To the editor: One the state’s major issues that was not fixed during the past regular session of the Legislature is the water quality and public health crisis caused by PFAS (per- and polyfluoroalkyl substances) contamination. PFAS contaminate the drinking water of thousands of people in Alaska because of the dispersive use of PFAS in firefighting foams used on airports and military bases. Several lakes have been closed to fishing because of PFAS contamination. There are many more sites of known or suspected PFAS contamination that have not been tested. These “forever chemicals” are dangerous substances that do not break down and cause a range of adverse health effects including cancers, immune system suppression and reproductive disorders.

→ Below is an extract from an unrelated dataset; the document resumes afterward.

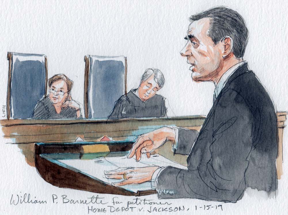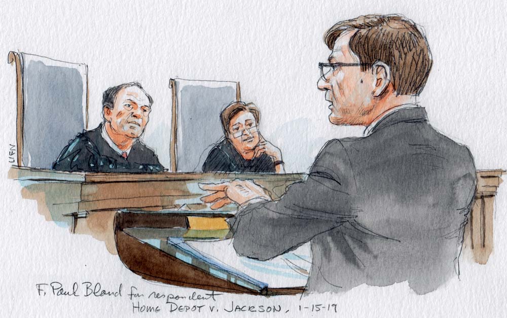 Bland was reluctant to embrace the position that Kagan had articulated that it is irrelevant whether Home Depot was or was not a defendant because Jackson had not filed a “civil action” against Home Depot. Bland spent much of his argument trying to resist comments by Alito and Justice Brett Kavanaugh suggesting that Home Depot must be accepted as a defendant. Alito, for example, commented at one point that if “we look at the text, we have a reference to the defendant or the defendants. So Home Depot would qualify there, would it not?” When Bland suggested that the traditional understanding of Section 1441 meant that Home Depot was not a defendant, Alito was wholly unpersuaded: “You’re reading things into it. … [I]n the ordinary sense of the term, are they not defendants? …. They are some kind of defendants.”

The Legislature failed to act on bills that address the PFAS problem, House Bill 121 and Senate Bill 171. These set enforceable drinking water standards, requirements for polluters to pay for safe drinking water and prevent further harm. Safe alternatives are readily available. Taxpayers are shouldering the burden of clean up and ultimately the health costs caused by PFAS. In Alaska, costs of PFAS remediation have already exceeded 22 million dollars and this is likely to run into the billions.
Legislators should consider the costs of inaction to health and livelihoods of Alaskans now and in the future. Policymakers in Michigan failed to take action to prevent lead poisoning, resulting in devastating harm to generations of children. We should learn from their mistakes. There is no excuse for policymakers not to take immediate action on PFAS.